Pourquoi nous nous soucions tant des essais diélectriques
Lorsque l’on travaille avec des chauffages à semi-conducteurs à haute densité de puissance, on joue un jeu dangereux avec l’espace disponible. L’écart entre le circuit de chauffage et la carcasse mise à terre est extrêmement faible. Un petit trou dans l’isolation ? Une fissure microscopique dans la céramique ? C’est suffisant pour provoquer des problèmes. En une seconde, tout fonctionne encore ; la seconde d’après, il y a un arc électrique dangereux.
Le “test de contrainte”
Nous n’aimons pas les surprises, et nous savons que vous non plus. C’est pourquoi nous soumettons chaque tube à des tests de résistance aux tensions élevées et de résistance isolante. En fait, nous appliquons une tension bien supérieure à celle que le tube subira en conditions réelles. Nous essayons ainsi de détecter d’éventuelles défaillances. S’il y a un défaut, le courant augmentera, et nous le détecterons immédiatement. Il vaut beaucoup mieux trouver une faille en usine plutôt que de voir vos contrôleurs endommagés sur le lieu de production.
Il n’y a pas de notion de “suffisamment bon”

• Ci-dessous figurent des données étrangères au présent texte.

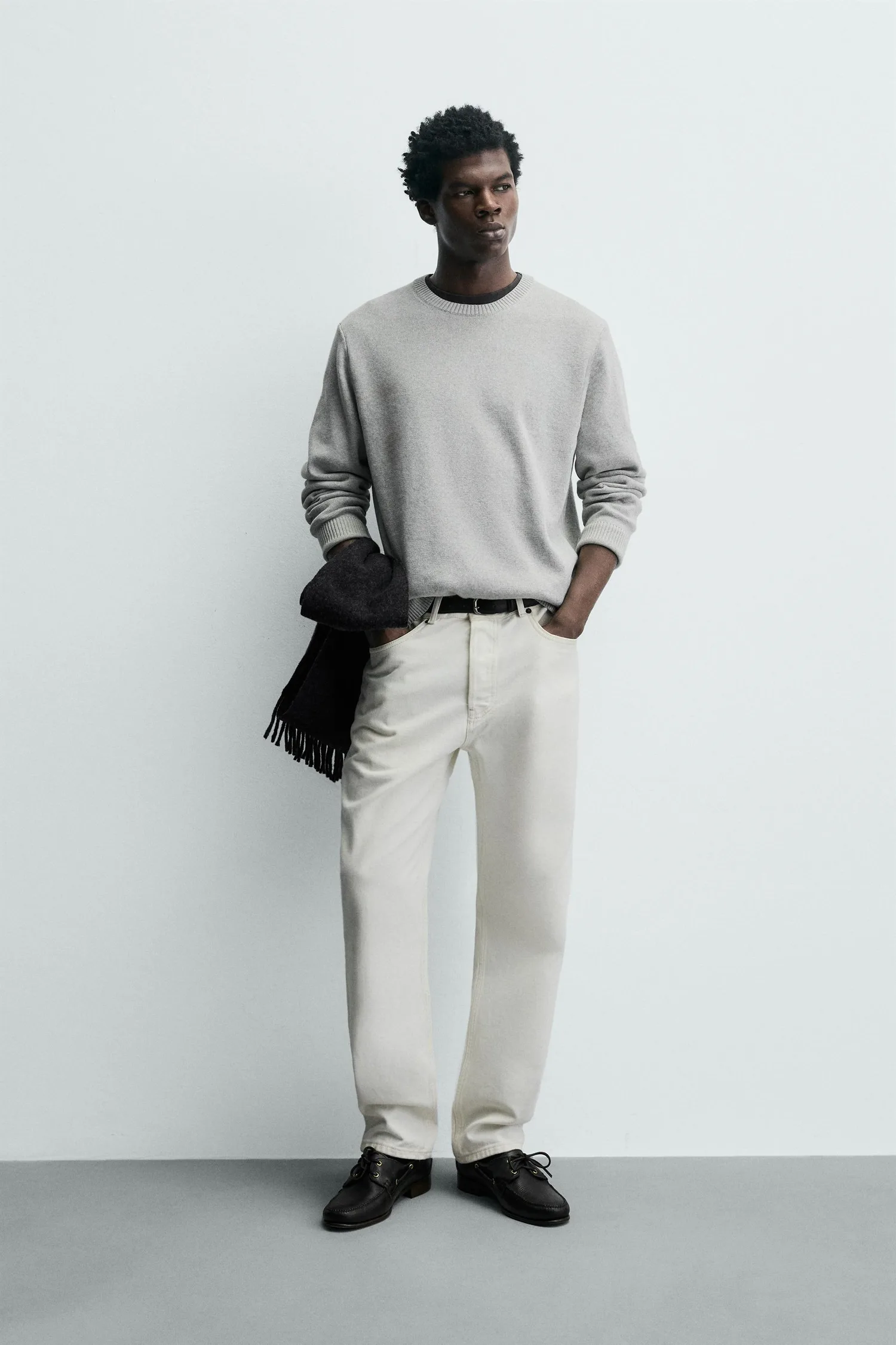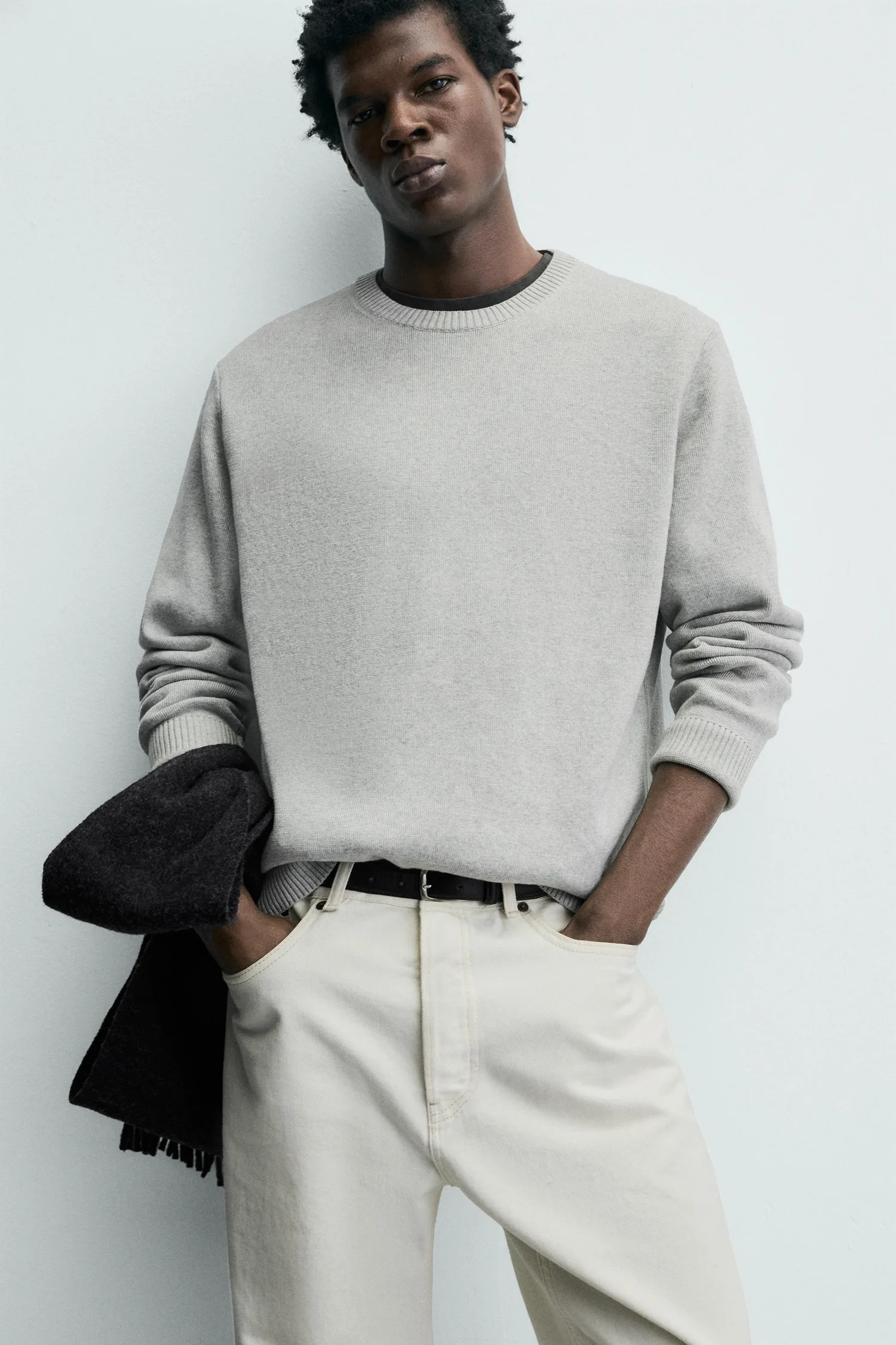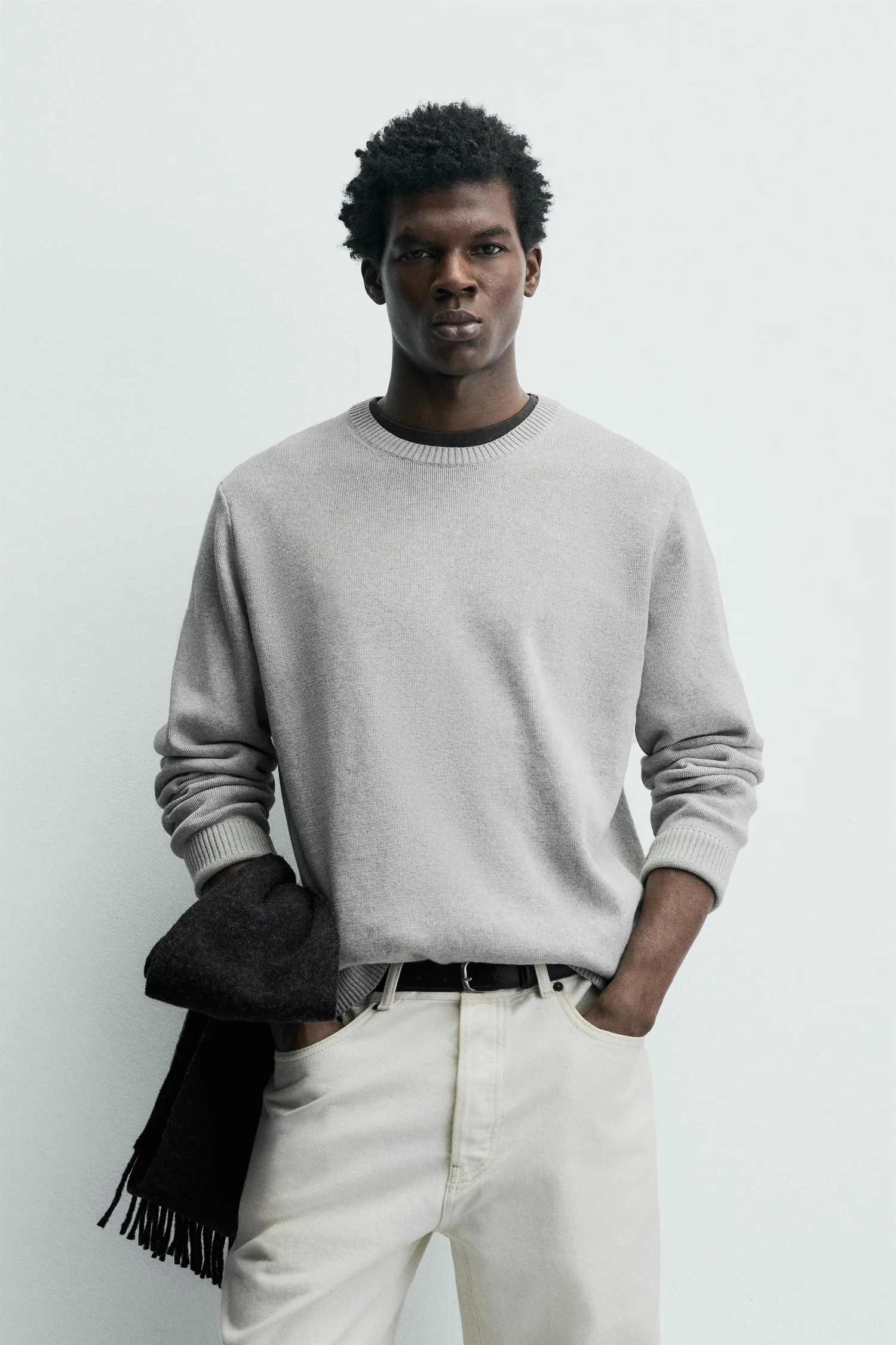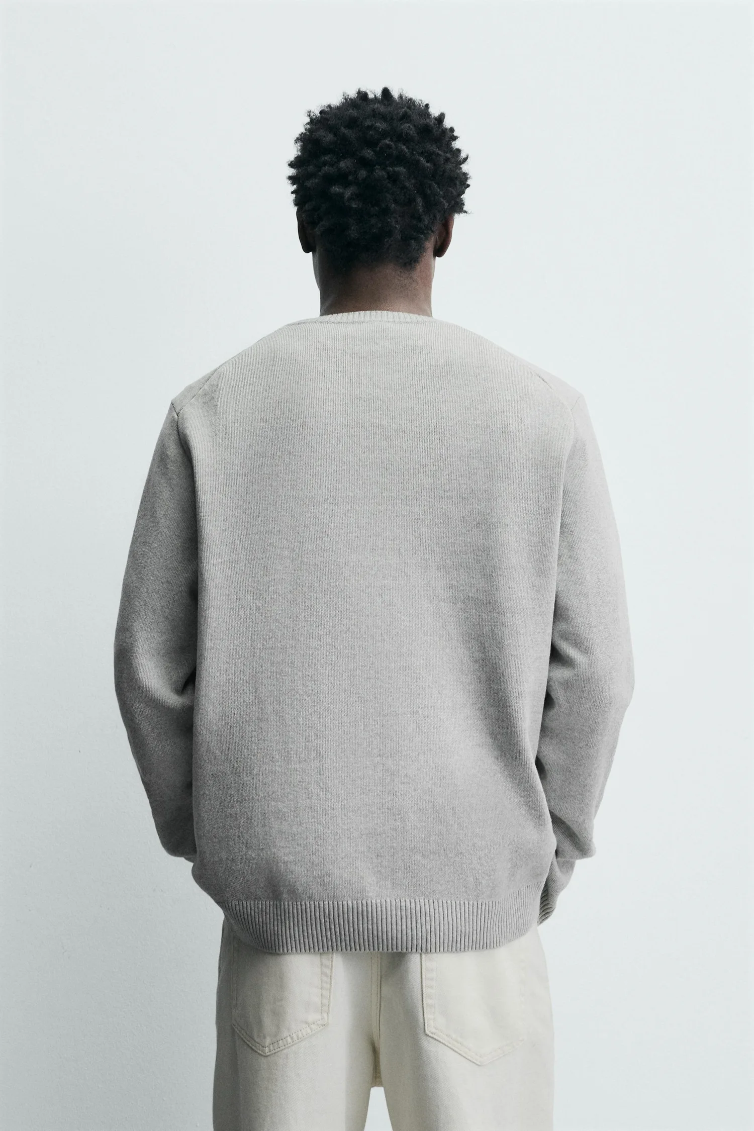 Джемпер стандартного кроя из хлопковой пряжи. Круглый вырез и длинные рукава. Ребристая отделка.
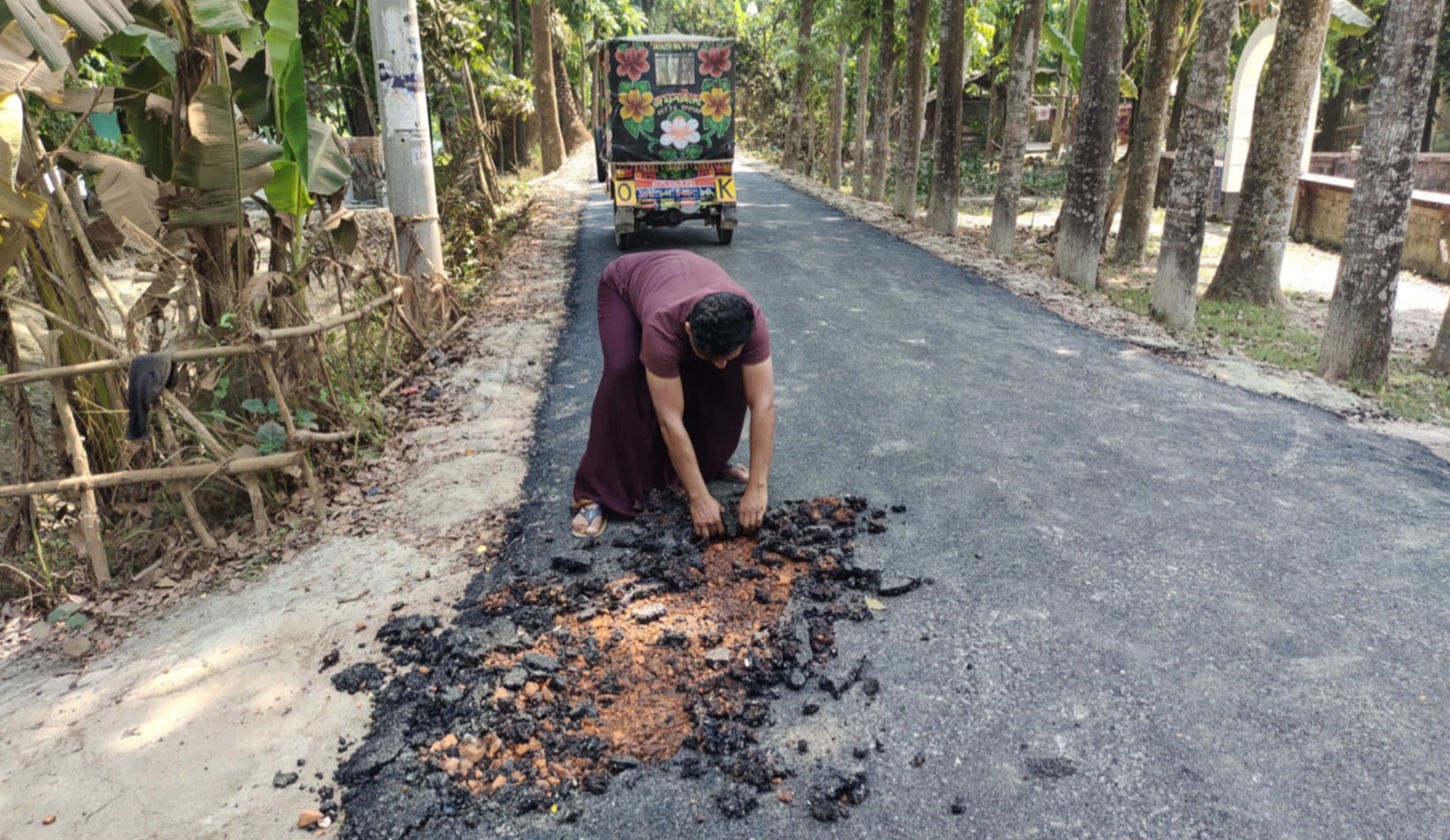 মঙ্গলবার সরেজমিনে গিয়ে দেখাগেছে, তিন কিলোমিটার সড়কের বেশ কয়েকটি স্থানে ঢালাই ওঠে গেছে। স্থানীয়রা বলেন, অটোগাড়ীর চাকায় ঢালাই ওঠে যাচ্ছে। হাত দিয়ে টান দিলেই সড়কের ঢালায় ওঠে যায়। স্থানীয় তিনজন ব্যক্তি সড়কের বিভিন্ন স্থান থেকে হাত দিয়ে টেনে ঢালাই ওঠিয়েছেন। ঢালাই ওঠানোর পরে দেখা যাচ্ছে, ম্যাগাডামের ওপরে কোন বিটুমিন নেই।
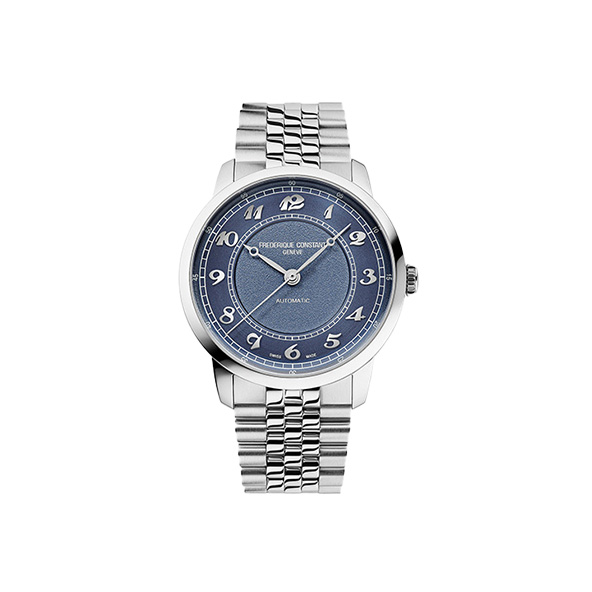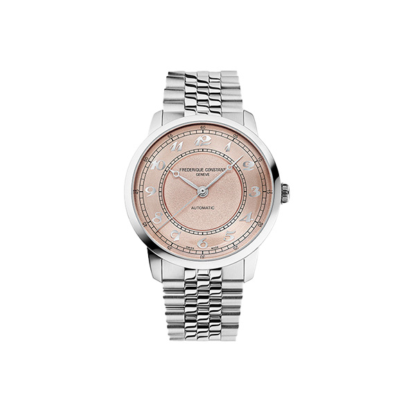 フレデリック・コンスタントの「クラシック プレミア」から2つの新しいモデルが登場します。今年度のシグネチャーカラーであるクラウドブルー、そしてサーモンピンクカラーのダイヤルに、ステンレススチールケースに初となる5連ブレスレットを組み合わせました。小ぶりな38.5 mm径サイズはそのままに、オリジナルのレザーストラップバージョンよりもアーバンで現代的なたたずまいにアレンジしました。ユニセックス仕様の新しい「クラシック プレミア」は、日々まとうことのできる自動巻きモデルです。

Certaines personnes parlent de prélèvements aléatoires – vérifier tous les dix exemplaires, par exemple. Mais ce n’est pas notre méthode. Un seul tube défectueux dans un groupe de chauffages peut provoquer une panne totale du système. Cela entraîne des temps d’arrêt importants et beaucoup de problèmes. Au lieu de cela, nous vérifions deux choses : premièrement, la résistance isolante. Nous mesurons le courant de fuite en mégaohm pour être sûr que l’isolation fonctionne correctement. Ensuite, nous testons la résistance diélectrique. Nous soumettons le matériau à des charges élevées pour être sûr qu’il ne cède pas sous l’effet d’un pic de tension soudain.
L’équilibre à trouver
Voilà le problème : la physique ne nous donne pas tout gratuitement. Si vous souhaitez un isolant résistant aux hautes tensions, vous avez besoin de couches plus épaisses. Mais des couches plus épaisses signifient également une plus grande résistance thermique. Vous obtenez donc un dispositif plus sûr, mais la transmission de chaleur ralentit un peu. Il s’agit donc d’un équilibre entre le niveau de sécurité souhaité et la rapidité de fonctionnement nécessaire.
Nous connectons tout selon des normes de sécurité strictes, mais il est important de surveiller son propre équipement. Si votre appareil doit gérer des pics de tension élevés, assurez-vous que votre système de mise à la terre peut gérer les fuites électriques provenant de tous les chauffages. Cela vous évitera des pannes ennuyeuses causées par les disjoncteurs automatiques.